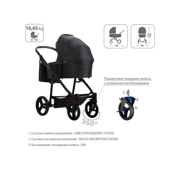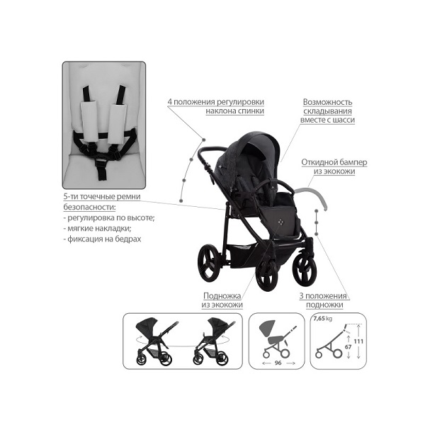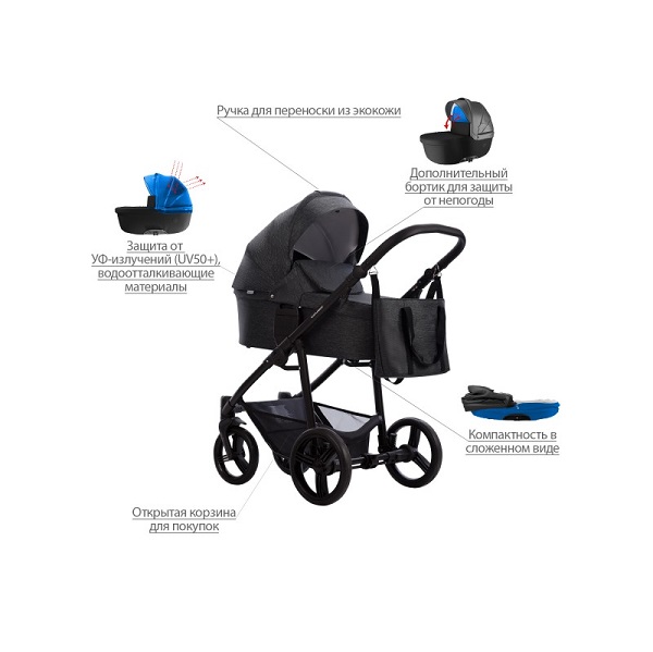 - Обивка коляски: водоотталкивающая, съемная, с УФ-защитой 50+.
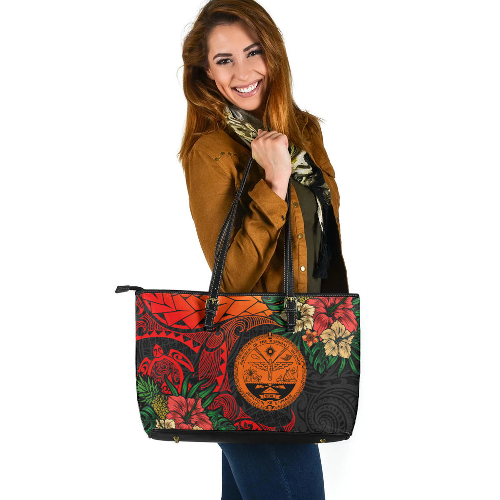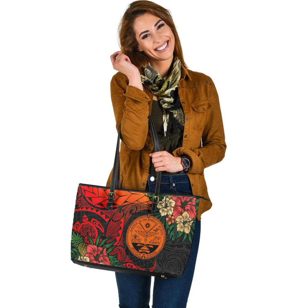Seal of the Marshall Islands Leather Tote Bag Polynesian Turtle Tropical
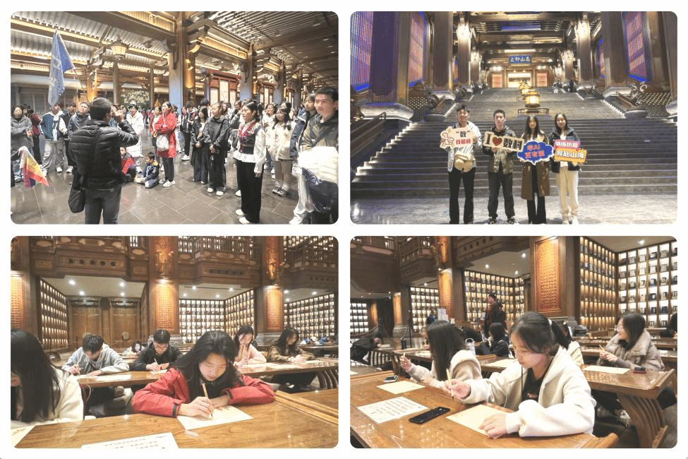 在仁厅,同学们围坐一圈,欣赏着传统文化与科技相结合的灯光秀,齐声诵读《论语》中的经典语句,领取毛笔和特制的字帖,认真地抄写论语。电子信息类专业的学生通常沉浸在数字世界和算法逻辑中,这次尼山探访活动为学生们开启了科技与传统文化相融合的新思路。

* * * *

EXERCISE DIRECTIONS:
Word for word, return the material above, but drop the pictures.

EXERCISE RESULT:
 - Обивка коляски: водоотталкивающая, съемная, с УФ-защитой 50+.
Seal of the Marshall Islands Leather Tote Bag Polynesian Turtle Tropical
 在仁厅,同学们围坐一圈,欣赏着传统文化与科技相结合的灯光秀,齐声诵读《论语》中的经典语句,领取毛笔和特制的字帖,认真地抄写论语。电子信息类专业的学生通常沉浸在数字世界和算法逻辑中,这次尼山探访活动为学生们开启了科技与传统文化相融合的新思路。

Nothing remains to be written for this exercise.